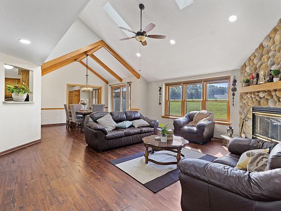 Natural fireplace, vaulted ceilings, skylights! This home is truly welcoming! Recent updates include a full remodel of the upstairs bath and half bath, light fixtures and quality hardwood flooring throughout the main level. The kitchen is complete with abundant cabinet space, an island to sit and eat by, quartz countertops, and a suite of Samsung appliances, among which include a silent drip dishwasher and digital screen wifi-enabled refrigerator. The basement is nicely finished with ample rec space and room to relax in. Private yard includes a paved patio, gazebo, and two vegetable gardens. Move into your new home just in time for the holidays! Schedule your private tour today!
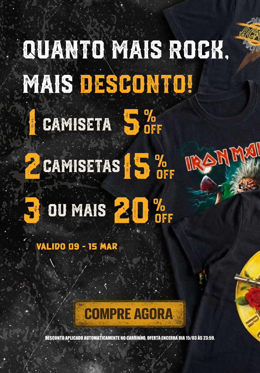 Alto padrão de qualidade, conforto e durabilidade. São vários tamanhos (do PP ao 4G) para você presentear o fã de Rock que você AMA!
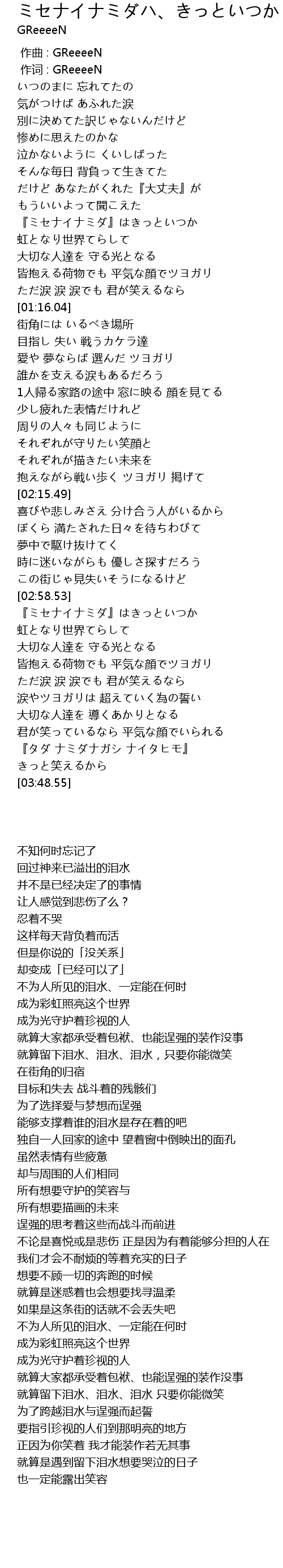| [02:59.23] | 『ミセナイナミダ』はきっといつか |
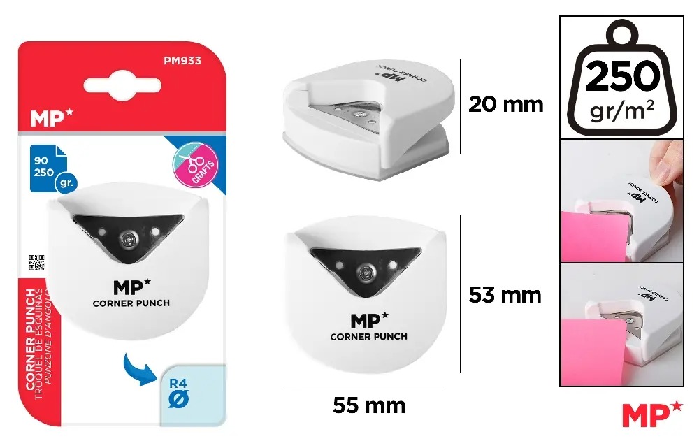 Etichete: dimensiune compactă, Perforator colțuri, Raza 4 mm, Ștampilă rotunjită, Hârtie și folie
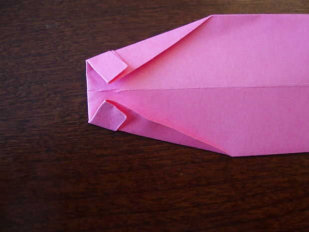 9. Doblar los bordes izquierdos y derecho para satisfacer el centro como se muestra.
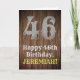 Este design de carta de saudação de aniversário inspirado no ocidente e inspirado no país apresenta um grande número de inspiração rústica "46", a mensagem "Feliz 46.º Aniversário", um nome personalizado e um fundo de padrão inspirado no estilo de fibra falsa/imitação de madeira. O dentro tem uma mensagem de saudação de aniversário personalizada, ou talvez possa ser apagado e deixado vazio se uma mensagem for escrita manualmente. Um cartão de saudação de aniversário personalizado como este pode ser uma maneira divertida de enviar uma mensagem de saudação de aniversário a alguém que está celebrando seu quarenta e sexto aniversário. [~Z0000469]
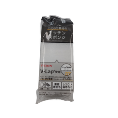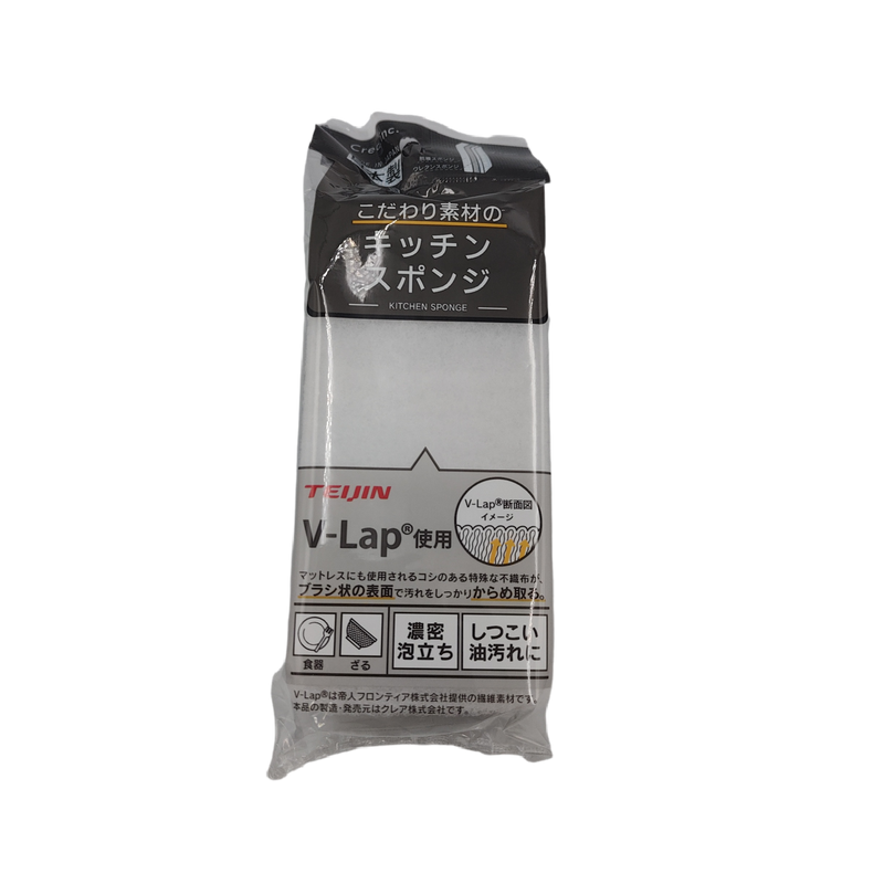 A kitchen sponge using TEIJIN's V-LapR. A special chewy non-woven fabric that is also used in mattresses has a brush-like surface that firmly traps dirt.
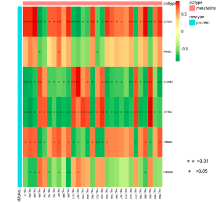 為進(jìn)一步展示多組組學(xué)之間的相關(guān)性,對(duì)基因、蛋白、代謝物之間進(jìn)行相關(guān)性分析,并繪制相關(guān)性熱圖,直觀的展示出哪些分子間的相關(guān)性更高。
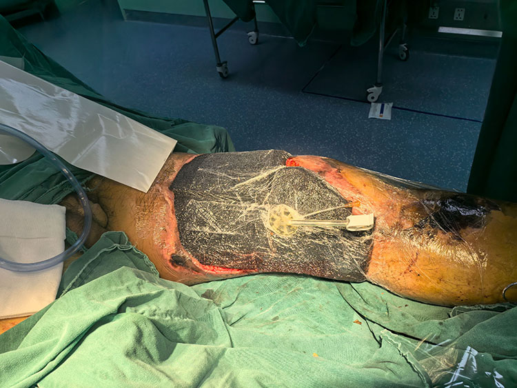 10月10日,應(yīng)長治市人民醫(yī)院急診邀請,《中國燒傷創(chuàng)瘍雜志》常務(wù)編委、燒傷創(chuàng)瘍再生醫(yī)療技術(shù)臨床專家趙瑞慶,會診一例裝載機碾軋傷工人。次日在全麻下行雙下肢大腿內(nèi)側(cè),外側(cè)壞死組織清創(chuàng)術(shù),事后使用vsd裝置,術(shù)后制定了詳細的治療方案。
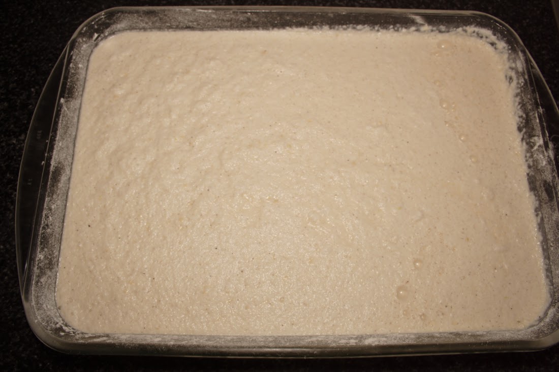 Volcamos esta masa en el molde, la masa queda bastante líquida y con el aspecto de cortada.
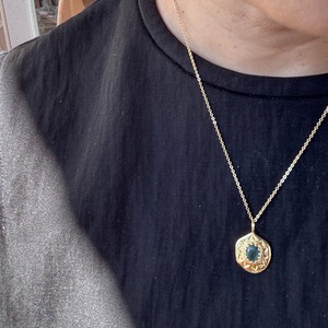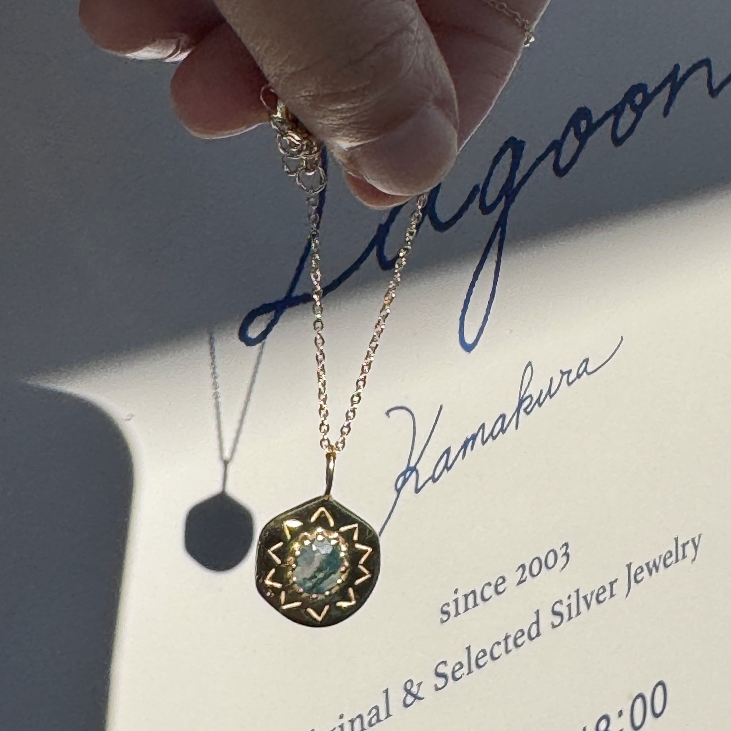 【Lagoon Original】Gold Coating モスアゲート サニー プレート ネックレス
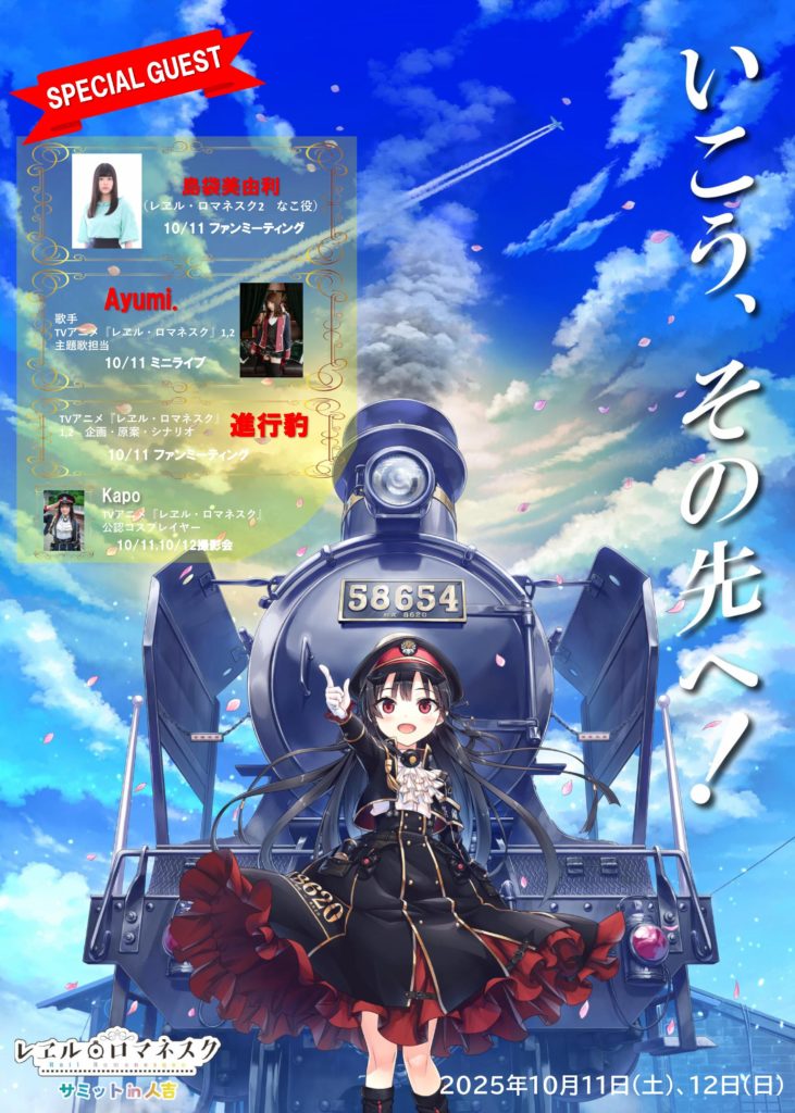 サミット2025 2025.08.022025.10.07 今年も開催!レヱル・ロマネスクサミットin人吉2025 2024年に続き、今年もクラウドファンディングのリターンとして開催する「レヱル・ロマネスクサミットin人吉2025」。2020年の「令和2年7月豪雨」以降、皆様のご厚情に支えられ、ここまで来ることができました。そしていよいよ、くま川鉄道全線再開が視野に入ってきた今年は、くま鉄の両方の起点である「人吉」と「湯前」を結び、さまざまなアクティビティをご用意。参加者様の思い出に残る2日間になるよう、準備を進めております。TVアニメ『レヱル・ロマネスク2』なこ役の島袋美由利さん、『レヱル・ロマネスク』1,2で主題歌を歌われたAyumi.さん、企画・原案・シナリオの進行豹先生、そして、『レヱル・ロマネスク』公認コスプレイヤーのKapoさんと、豪華ゲストの皆様をお迎えし、盛り上げてまいりたいと思います。クラウドファンディングご参加の皆様と一般参加の皆様、多くの方のご参加をお待ち申し上げております。 サミット2025ゲストの皆様 島袋美由利さん Ayumi.さん 進行豹先生 Kapoさん 両日スケジュールは下のボタンをクリック! クラウドファンディングリターン参加者様専用アンケート 2024年クラウドファンディングのリターンによる参加権をお持ちの方で、サミット2025に参加予定の方は、必ずご回答ください。 アンケートフォームへ 「聖地応援!サミット参加プラン」、「聖地滞在!特別列車乗車プラン」、「聖地満喫!宿泊プラン」をご支援いただいた皆様に、サミット参加権がございます。 重要:複数プランご支援いただいた方でも、「サミット参加権」は、1名様(1アカウント)につき1席でございます。権利の譲渡はできません。 【重要】サミット2025参加の方へのお知らせ サミット参加者様への重要なお知らせを更新しました。こちらからご確認いただけます。

▸ **Prompt**:
Pictures stay out. Repeat only the lines from the beginning of the data through the line that has "Volcamos esta masa".

▸ **Solution to the exercise**:
 Natural fireplace, vaulted ceilings, skylights! This home is truly welcoming! Recent updates include a full remodel of the upstairs bath and half bath, light fixtures and quality hardwood flooring throughout the main level. The kitchen is complete with abundant cabinet space, an island to sit and eat by, quartz countertops, and a suite of Samsung appliances, among which include a silent drip dishwasher and digital screen wifi-enabled refrigerator. The basement is nicely finished with ample rec space and room to relax in. Private yard includes a paved patio, gazebo, and two vegetable gardens. Move into your new home just in time for the holidays! Schedule your private tour today!
 Alto padrão de qualidade, conforto e durabilidade. São vários tamanhos (do PP ao 4G) para você presentear o fã de Rock que você AMA!
| [02:59.23] | 『ミセナイナミダ』はきっといつか |
 Etichete: dimensiune compactă, Perforator colțuri, Raza 4 mm, Ștampilă rotunjită, Hârtie și folie
 9. Doblar los bordes izquierdos y derecho para satisfacer el centro como se muestra.
 Este design de carta de saudação de aniversário inspirado no ocidente e inspirado no país apresenta um grande número de inspiração rústica "46", a mensagem "Feliz 46.º Aniversário", um nome personalizado e um fundo de padrão inspirado no estilo de fibra falsa/imitação de madeira. O dentro tem uma mensagem de saudação de aniversário personalizada, ou talvez possa ser apagado e deixado vazio se uma mensagem for escrita manualmente. Um cartão de saudação de aniversário personalizado como este pode ser uma maneira divertida de enviar uma mensagem de saudação de aniversário a alguém que está celebrando seu quarenta e sexto aniversário. [~Z0000469]
 A kitchen sponge using TEIJIN's V-LapR. A special chewy non-woven fabric that is also used in mattresses has a brush-like surface that firmly traps dirt.
 為進(jìn)一步展示多組組學(xué)之間的相關(guān)性,對(duì)基因、蛋白、代謝物之間進(jìn)行相關(guān)性分析,并繪制相關(guān)性熱圖,直觀的展示出哪些分子間的相關(guān)性更高。
 10月10日,應(yīng)長治市人民醫(yī)院急診邀請,《中國燒傷創(chuàng)瘍雜志》常務(wù)編委、燒傷創(chuàng)瘍再生醫(yī)療技術(shù)臨床專家趙瑞慶,會診一例裝載機碾軋傷工人。次日在全麻下行雙下肢大腿內(nèi)側(cè),外側(cè)壞死組織清創(chuàng)術(shù),事后使用vsd裝置,術(shù)后制定了詳細的治療方案。
 Volcamos esta masa en el molde, la masa queda bastante líquida y con el aspecto de cortada.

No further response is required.